Denn dann ist man näher dran an der Sache
glaube ich.
Wer bin nun ich, die ich Ihnen körperlich
gegenüber stehe?
Ich bin eine Pädagogin und Fachredaktorin
für Familienfragen, die stundenlang am
Computer sitzt, Texte schreibt, Sendungen
schneidet, E- Mails versendet und sich
ausser Haus ,- ich muss es leider zugeben,
vor allem auto-mobil bewegt und dabei
rasant schnell einrosten würde, wäre da
nicht das Fitnessabo und die damit
verbundenen Stunden mit Fitgym, Power
Yoga, Muscle Pump und die grosse Freude
am Schwimmen. All das macht mir den
Kopf frei, das Herz leicht, die Muskeln
locker und den Körper konturiert, soweit das
geht in meinem fortgeschrittenen Alter.
Aber ich habe auch etwas dagegen, wenn
Bewegung immer einfach eng
zweckgebunden gesehen wird:
Als Kalorienvrbrennungsbeschleuniger
Als Gesundbrunnen
Als Adipositasprophylaxe oder als
Antidepressivum
All das ist Bewegung natürlich, aber auch
einfach und simpel ein Lebenszeichen.
Wer sind Sie? Habe ich mich gefragt, als ich
von Gionduno Simeon eingeladen wurde.
Ich stelle mir vor, Sie wissen alles über
Diäten und richtige Ernährung. Ich bin
sicher, Sie kennen Ihre persönliche
Energiebilanz und die ihrer Kinder. Ich
stelle mir vor, sie kennen die Body Mass
Index Formel im Schlaf und machen sich
immer wieder konturierte Gedanken über
das grosse Nahrungsangebot in unserer
westlichen Welt und die durch technischen
Fortschritt nie dagewesene
Bewegungsarmut.
Deswegen versuche ich hier nicht Eulen
nach Athen zu tragen sondern lade Sie ein
zu einem halbstündigen Vita Parcours der
etwas besonderen Art.
Nehmen wir den Vita Parcours einmal beim
Wort!
Vita Parcours heisst zu deutsch und
ungewöhnlich übersetzt: Lebenslauf!
Und schon merken wir: Sport ist nicht nur
Sport. Bewegung nicht nur Bewegung. Wer
einen Schritt tut setzt nicht nur einen Fuss
vor einen anderen! Er kommt auch
anderswie vorwärts.
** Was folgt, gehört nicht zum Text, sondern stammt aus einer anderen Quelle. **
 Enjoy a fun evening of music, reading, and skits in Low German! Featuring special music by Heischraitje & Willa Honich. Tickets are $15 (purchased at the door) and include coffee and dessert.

Wie sehr die Physis mit
der Psyche verbunden ist zeigen ja schon die
unzähligen Ausdrücke, die einerseits eine
sportliche Bewegung beschreiben und
gleichzeitig noch einen tieferen Sinn haben,
eine seelische Bewegung , Motion und
Emotion, motion and emotion!
Jemand hat eine Hürde genommen.
Ein anderer springt über seinen Schatten.
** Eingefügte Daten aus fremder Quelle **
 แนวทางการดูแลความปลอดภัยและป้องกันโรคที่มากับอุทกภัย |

Leider gibt es auch welche , die aus der
Bahn geraten,andere werden überrundet und
noch mal andere hängen in den Seilen und
werfen das Handtuch.
Man ist k.o oder geht in den Endspurt.
Wie hoch darf die Latte gelegt werden, frage
ich Sie?
Damit ich selbst nicht in den Wettlauf mit
der Zeit gerate, mache ich hier einmal einen
Punkt.
Natürlich gibt es noch viel mehr Beispiele.
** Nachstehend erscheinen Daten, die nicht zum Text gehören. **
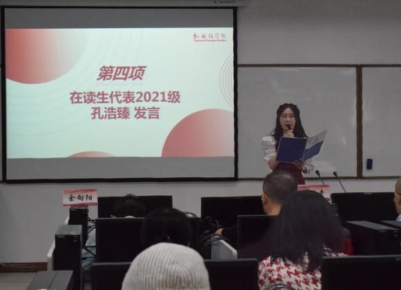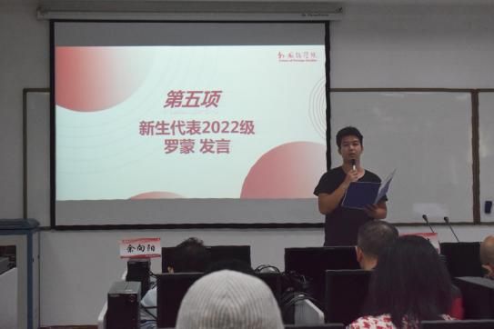 21级口译研究生孔浩臻同学、22级外国语言学及应用语言学罗蒙同学分别作为在校生代表和新生代表发言。孔浩臻同学分享了自己在中南大外院的成长心得。她说,作为外语学习者,要秉承对外语的热爱,脚踏实地的在语言学习的道路上不断探索,不断创新,从而实现远大的理想。罗蒙同学则随后分享了自身的学习过程和实践经历,并代表全体新生承诺,作为新时代青年,将立志高远,坚忍不拔,脚踏实地,共同携手,承载时代赋予的使命。

Genau diese Vielschichtigkeit von
körperlichem, seelischem und sozialem
wird auch in meinem Vita Parcours mit 6
Posten eine Rolle spielen. Ich möchte die
Zusammenhänge von Bewegungsmangel
und Sucht, Sport und seelischer Gesundheit
aufscheinen lassen - so nach dem Motto:
Schwimmen können ist wichtig, denn
Trinker sind Menschen, die versuchen,
sich mit Alkohol über Wasser zu halten!
Fangen wir an:
Vita Parcours Posten 1: Vom Anwärmen ,
der Nestwärme und dem Liebesnest.
(Illu)
Wer meint, ins kalte Wasser springen zu
müssen, ist vielleicht ein Held, ein guter
Schwimmer wird er wohl nicht. Wer meint
aus dem Stand, grosse Sprünge machen zu
können, ist zwar ein Träumer aber
wahrscheinlich kein guter Athlet. Wer meint
aus dem Nichts, ein heisser Gegenspieler zu
sein, den wird es womöglich kalt erwischen.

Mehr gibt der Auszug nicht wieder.